Use the intelligent delivery tool aDeploy to perform a platform-wide check, covering hardware health, storage status, system services, network connectivity, SPs, and licensing status.
Check result fixing: If hardware faults, such as disks with bad sectors or malfunctioned NICs, are identified, replace the faulty hardware immediately. Adjustment plans must be provided within one month to fix alerts, such as performance optimization suggestions. Submit the check report to the IT administration department for archiving.
SP assessment and fixing:
After receiving a Sangfor product security announcement, use aDeploy to check whether the same issues exist in the current SCP version, such as compatibility vulnerabilities or performance bottlenecks.

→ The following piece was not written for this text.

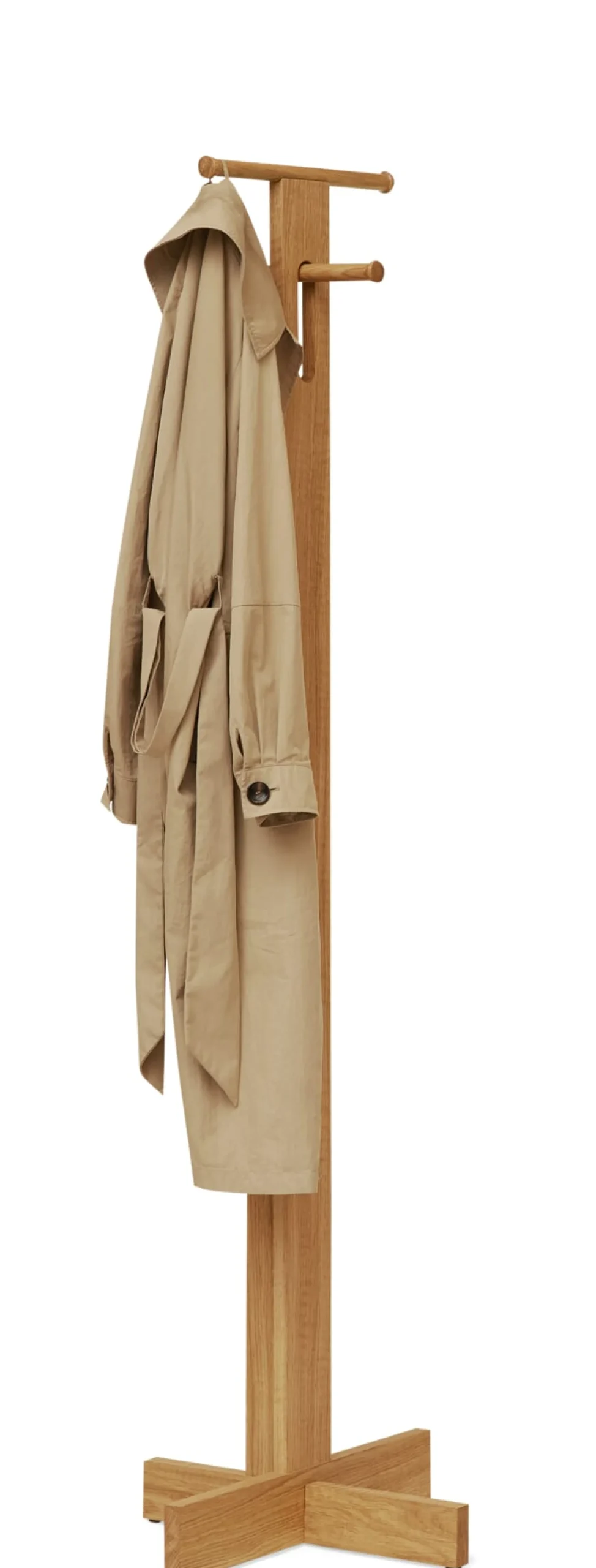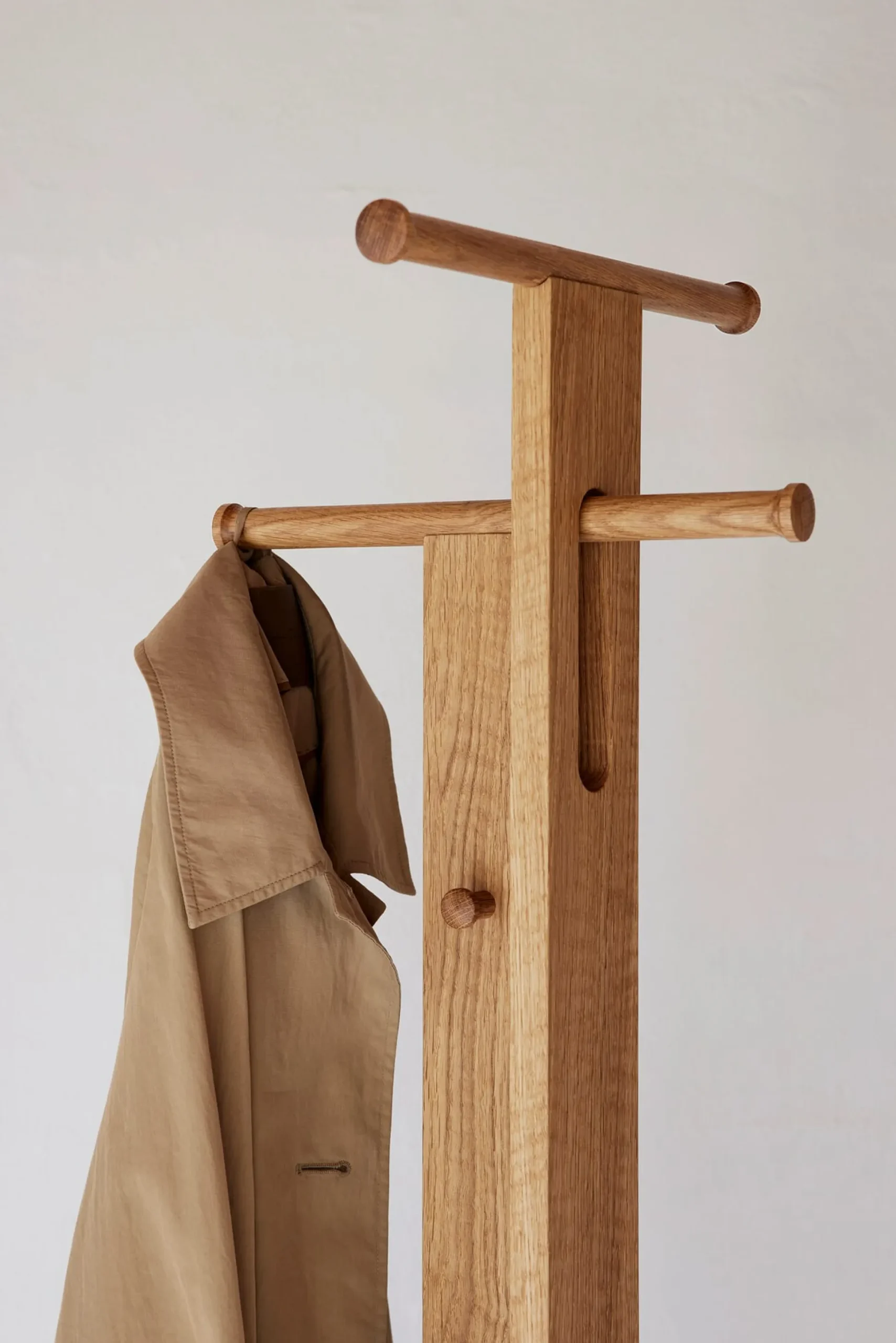 Diele, Bad oder Schlafzimmer: So stilvoll wie platzsparend wahrt dieser Garderobenständer selbst in einer kleinen Nische Ordnung. Auf schlankem Fuß emporragend, ist sein Design auffallend puristisch und filigran, dabei sorgen das massive, geölte Eichenholz und die intelligente Konstruktion für standhafte Tragfähigkeit.

SP installation necessity assessment: Assess whether SP installation is required based on the current service loads (whether core services can be suspended) and risks of SP installation (whether it will pose compatibility issues).
SP installation: Install the SP during off-peak hours, such as the last weekends of the month. Back up the configuration and service data in advance and verify the status of SCP after SP installation.
Core resource assessment: CPU: Check the peak values of CPU usage within the previous month. If the CPU usage remains above 70%, a capacity expansion is required. Assess the CPU redundancy of the cluster. In a regular cluster, make sure that services can still run as expected when one or two nodes are down. In a stretched cluster, make sure that services can still run as expected when one fault domain is down.
i. Memory: Check the peak values of memory usage within the previous month. If the memory usage remains above 80%, a capacity expansion is required. The memory redundancy requirement is the same as that for CPU resources.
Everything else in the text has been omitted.